Wednesday, 24 March 2021

The people who can trace their ancestry to before Adam

Cheddar Man, found in 1903 in a cave in Somerset is Britain's oldest complete human skeleton, having been dated to 9100 years of age. Not only does he bear eloquent testimony to the reality of human existence well before the 6000 year figure fundamentalists assign to the creation of Adam, he also has living relatives not too far from where he was found. The fundamentalists belief in universal  human descent from two people created no earlier than 6000 years ago is difficult to reconcile with these facts.


Cheddar Man skeleton

While searching for something I ran across 1997 article in the Independent relating how scientists had compared DNA from the tooth of Cheddar Man with DNA from people who lived in Somerset and found a link between ancient and modern  people.
The discovery came about during tests performed as part of a television series on archaeology in Somerset, Once Upon a Time in the West, to be shown later this year. DNA found in the pulp cavity of one of Cheddar Man's molar teeth was tested at Oxford University's Institute of Molecular Medicine, and then compared with that of 20 people locally, whose families were known to have been living in the area for some generations. 
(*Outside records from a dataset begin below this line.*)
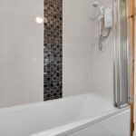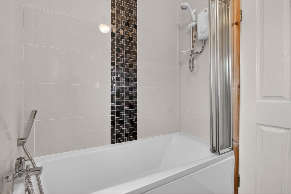 Bathroom 2.16m x 1.67m (6’10’’ x 5’6’’) :- Refitted suite includes white lfwc, whb and bath. Electric shower over bath. Chrome accessories. Fully tiled walls and flooring.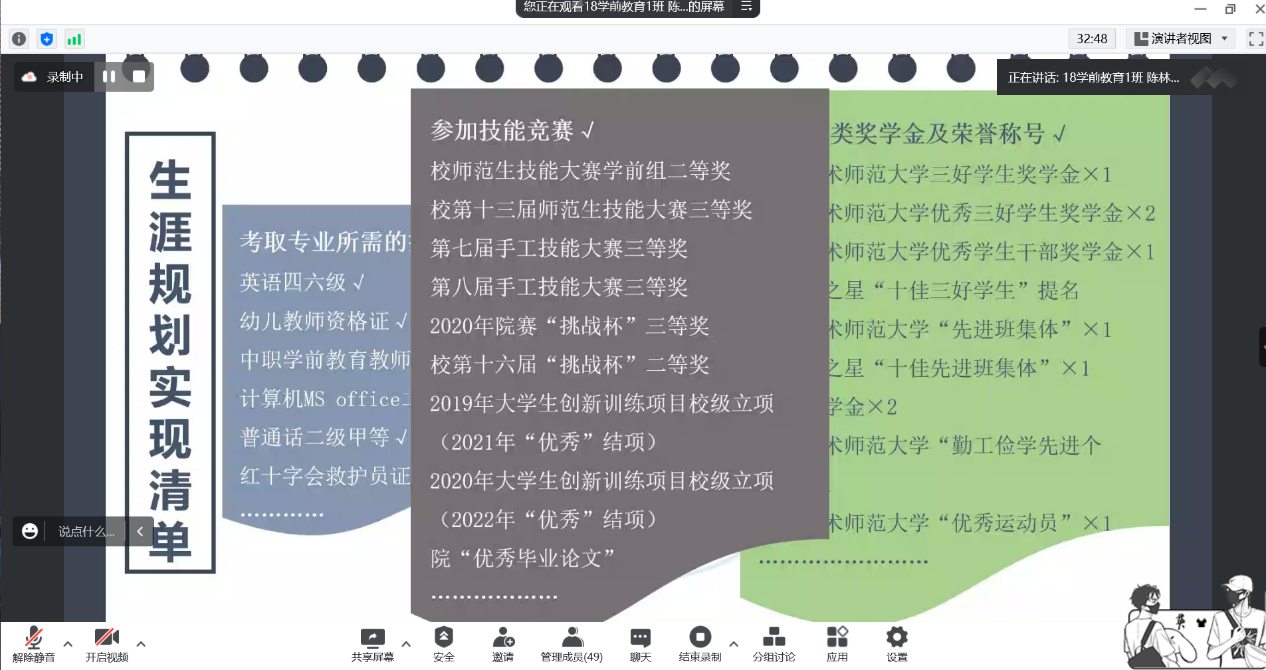 为了让同学们更好的了解国家奖助学金及相关政策,公司勤工助学服务中心于2022年6月18日晚上21:00通过腾讯会议平台开展了以“助学·筑梦·铸人活动之国奖经验分享会暨社会感恩教育”为主题的会议。本次会议中,我们邀请了陈林熹同学分享其自身学习情况、员工工作经历、党员发展经历、实习工作经历以及对国家奖助学金政策的了解,为同学们进一步了解到职业生涯规划的重要性、提高规范自身行为意识和加强对国家奖助学金政策的认识提供了强有力基础。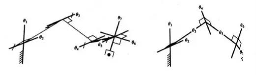 通常空間定位需要6個(gè)自由度,利用附加的關(guān)節(jié)可以幫助機(jī)構(gòu)避開(kāi)奇異位形。下圖為7自由度操作臂位形。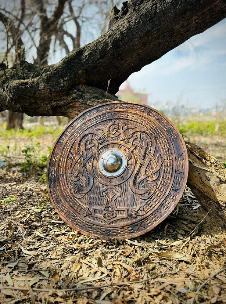Buy Shield Medieval Carving Shield Cross viking wall decor wood wall art Handmade Home Decor by Indian Exporters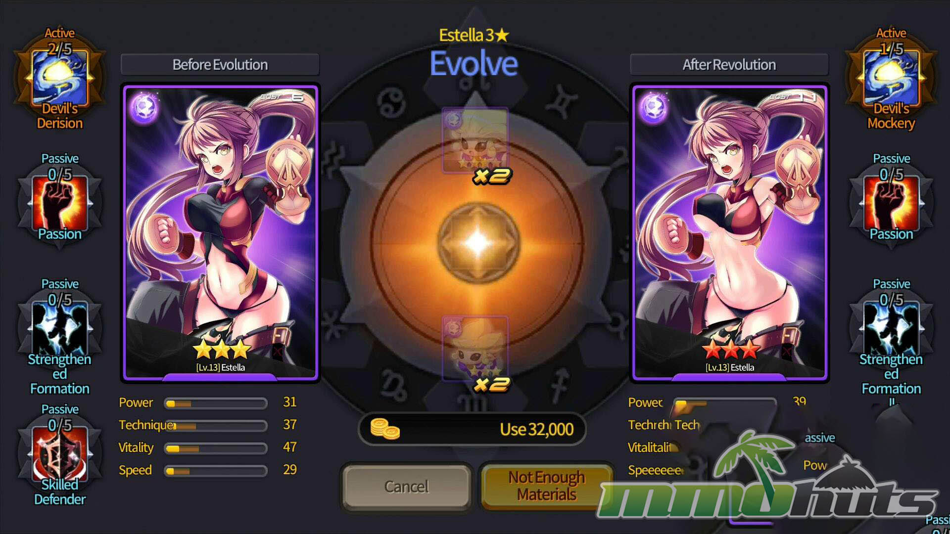 Progression is also tied to cost management. Each Hero has a Cost value and your team must fit under a Cost limit that rises as you level up, which forces tradeoffs and makes formation planning matter. Evolution requires Elementals of specific star levels plus gold (for example, evolving from 3 to 4 stars requires two 4-star Elementals, two 3-star Elementals, and 32,000 gold). Because Elementals are obtained through play and summons, upgrading a full lineup becomes a long-term project, and this is where the game’s farming reputation comes from.

To make up the numbers, Mr Targett, an only child who has no children, joined in. But the match was unequivocal: the two men have a common maternal ancestor. The mitochondrial DNA, which is inherited from the egg, confirmed it. [1]

I was curious to find out more behind this story and quickly discovered an article at Oxford Ancestors in which described a rationale for this work, namely testing the theory that "most Europeans descended from a 'wave' of immigration from the Near East over the past 8000 years", agriculturalists who had "overwhelmed and displaced the indigenous hunter-gatherer". [2] As Cheddar Man is one of the few British skeletons to date from before the arrival of agriculture in the UK, it provided a ready source of DNA. The researcher noted that the DNA sequences "were identical to many people in Britain today whose ancestors had clearly not been swept away by Near-Eastern farmers." [3] The researcher concluded by noting
As a graphic illustration I took samples from local schoolchildren, two of whose DNA exactly matched Cheddar Man. A third, from the history master, was a very close match, demonstrating the amazing continuity of DNA in Somerset and the fact that Cheddar folk had only moved two miles down the road in more than 10,000 years.  [4]
Let's take a moment to unpack what this "amazing continuity of DNA" means. What this continuity means is that not only do we have a population that can trace its ancestry back to the time given for the creation of Adam, we have a population that evidently was not affected by the flood of Noah. Evangelical historian Mark Noll in his classic "The Scandal of the Evangelical Mind" in quoting geologist Davis Young's observation on how evangelicals shy away from any discussion about science which impacts on literal readings of Gen 1-11 could well be describing how the fundamentalist wing of our community responds to any discussion of these issues
The modern evangelical church is extremely sensitive about open discussion of scientific issues that bear on Genesis 1–11. Enough Christians are so afraid of what might turn up in such discussions that anyone who does try to explore the issues is in ecclesiastical jeopardy. The prevailing atmosphere of fear tends to squelch attempts to deal with these issues. The issue of the origin of humankind is especially sensitive. It seems that the church is afraid to look into paleoanthropology. Where is the curiosity about the physical history of human beings? Among the multitude of evangelical commentaries on Genesis, hardly any of them addresses the problems of anthropology. Geology is often discussed. Some of the commentators have admitted the possibility of a local flood; others are not yet sure of the legitimacy of geological findings. But virtually all of the commentators assume the anthropological universality of the flood without any engagement whatsoever with the archeological and anthropological data relevant to the question of the flood’s impact on the human race. It’s as if the hundreds, perhaps thousands of ancient human sites around the world didn’t exist. [5]
These ancient human sites do exist, and cannot be ignored or explained away as some godless conspiracy. Any community that values truth cannot continue to ignore them or privilege dogma over fact.

3. ibid
4. ibid
5. Davis A. Young, “Theology and Natural Science,” Reformed Journal, May 1988, 13. Cited in  Mark A. Noll, The Scandal of the Evangelical Mind (Grand Rapids, MI; Cambridge, U.K.: William B. Eerdmans Publishing Company, 1994).